Diffie Steps Up for First Steps

Star and Friends Rock the Ryman for Nashville School

It was a laid back night, free of set lists and staged antics, a freewheeling show perfectly suited to the spirit of the historic
Ryman Auditorium.

Joe Diffie stepped onstage Sunday (Feb. 11) for the ninth annual
Country Steps in for First Steps benefit, and he brought with him
a laundry list of fellow artists, including Neal McCoy, Keith
Urban, Trace Adkins, Mark Wills, Chalee Tennison, Lisa
Angelle, The Martins and comedian Mike Snider. The sound
was a bit too loud for the old Ryman, but the crowd was
enthusiastic until the bitter end.

Diffie’s set was pure audience participation, with the star declaring, “I don’t know what to play now.
What do y’all want to hear?” The crowd responded with shouts of “John Deere Green” and “Third Rock
From the Sun,” and Diffie obliged.

In its nine-year history, the benefit show, silent auction and celebrity golf tournament have raised about
$600,000 for Nashville’s First Steps, a program that aids mentally and physically disabled children.
Diffie’s son, Tyler, was born with Down syndrome and attended the school for several years. At the
time, Diffie was a struggling singer and couldn’t pay for the services. Although Tyler no longer attends,
Diffie says he has a “sense of responsibility” to repay his debt to the school with the annual benefit show.

“It was such a blessing to have Tyler there at the time because when you have a child with a disability
you have zero experience at it and you don’t know what to do,” Diffie said backstage before Sunday’s
concert. “They gave us a lot of good guidelines, and they worked with Tyler. His muscles were flaccid,
so they worked on his muscle tone, and they taught him a little bit of sign language for when he was
hungry. Just little things that really helped.”

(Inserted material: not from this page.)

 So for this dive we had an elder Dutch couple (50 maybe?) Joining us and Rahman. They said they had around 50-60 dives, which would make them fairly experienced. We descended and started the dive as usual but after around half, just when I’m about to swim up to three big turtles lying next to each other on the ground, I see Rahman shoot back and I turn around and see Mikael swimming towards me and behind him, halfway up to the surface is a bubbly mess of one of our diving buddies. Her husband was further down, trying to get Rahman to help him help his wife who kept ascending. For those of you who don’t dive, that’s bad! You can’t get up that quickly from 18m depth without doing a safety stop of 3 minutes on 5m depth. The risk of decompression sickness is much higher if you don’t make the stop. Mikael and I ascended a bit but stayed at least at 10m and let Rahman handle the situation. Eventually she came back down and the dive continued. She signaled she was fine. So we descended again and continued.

Diffie’s celebrity friends have been eager to help raise money,
which in the past has paid for equipment, staff salaries and vans
for the school.

“I love him for what he’s doing and the personal thing that Joe
has invested in this whole thing,” Adkins said. “When he asked
me if I wanted to do it, I didn’t even think about it.”

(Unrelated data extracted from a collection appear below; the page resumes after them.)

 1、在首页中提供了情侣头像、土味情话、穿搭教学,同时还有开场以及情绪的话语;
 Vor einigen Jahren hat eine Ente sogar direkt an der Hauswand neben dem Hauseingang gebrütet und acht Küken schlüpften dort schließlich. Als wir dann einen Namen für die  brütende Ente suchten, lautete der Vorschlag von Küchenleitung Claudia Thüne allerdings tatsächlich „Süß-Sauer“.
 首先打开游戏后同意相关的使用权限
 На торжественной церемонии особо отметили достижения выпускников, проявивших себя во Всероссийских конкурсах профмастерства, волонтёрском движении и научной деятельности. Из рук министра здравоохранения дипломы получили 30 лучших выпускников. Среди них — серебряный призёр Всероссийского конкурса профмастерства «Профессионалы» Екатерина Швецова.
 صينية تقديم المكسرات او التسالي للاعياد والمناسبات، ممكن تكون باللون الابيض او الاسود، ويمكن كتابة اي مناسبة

Wills and Urban arrived at the First Steps show having spent the
morning at a Nashville mall helping a local radio station raise
money for St. Jude Children’s Research Hospital.

“I’ve had a great day of creating awareness of the other side of life that we don’t always get to see
because we get caught up in our work and our little problems,” Urban told country.com. “You suddenly
realize there are these people who are trying to raise these kids who are struggling with some of the
realities that other people take for granted.”

Urban, who played his solo set acoustically, performed his recent hits but also included a song
appropriate to the evening. “The Deeper the Sorrow” focused on finding a blessing in adversity with lines
like “I guess the deeper the sorrow, the greater the joy.”

Newcomer Angelle sang a sweet version of her new single, “I
Will Love You.” The striking ballad was first recorded by pop
artist Fisher, whose version was recently featured in an episode
of TV show Ally McBeal.

Also bringing a spiritual tone to the night was Southern Gospel
trio The Martins, whose a cappella performance brought
raucous applause from the crowd. Keeping the energetic vibe
going, McCoy brought up the house lights and willed the crowd
to its collective feet. He ran through hits “Wink” and “The Shake”
but also debuted a more reserved song, “What Would Love Say,” from his new album, 24-7-365.

In addition to the music, fans were able to bid on five tables full of celebrity merchandise, including an
autographed Tennessee Titans football, a full-sized Faith Hill cutout and autographed guitars, tour
jackets and CDs. Diffie even donated three bottles of wine from his own Winding Road Winery in
Brentwood, Tenn. Instead of merlot, cabernet or chardonnay, the vintages were pumpkin and
persimmon. An estimate on money raised was forthcoming at press time.

“I thought anything we’d raise would be really neat,” Diffie said. “We’ve had so many great artists and
sponsors and people buying tickets, it’s amazing. I never thought that I could raise that much money in
that amount of time. As long as we can, we’ll keep doing it.”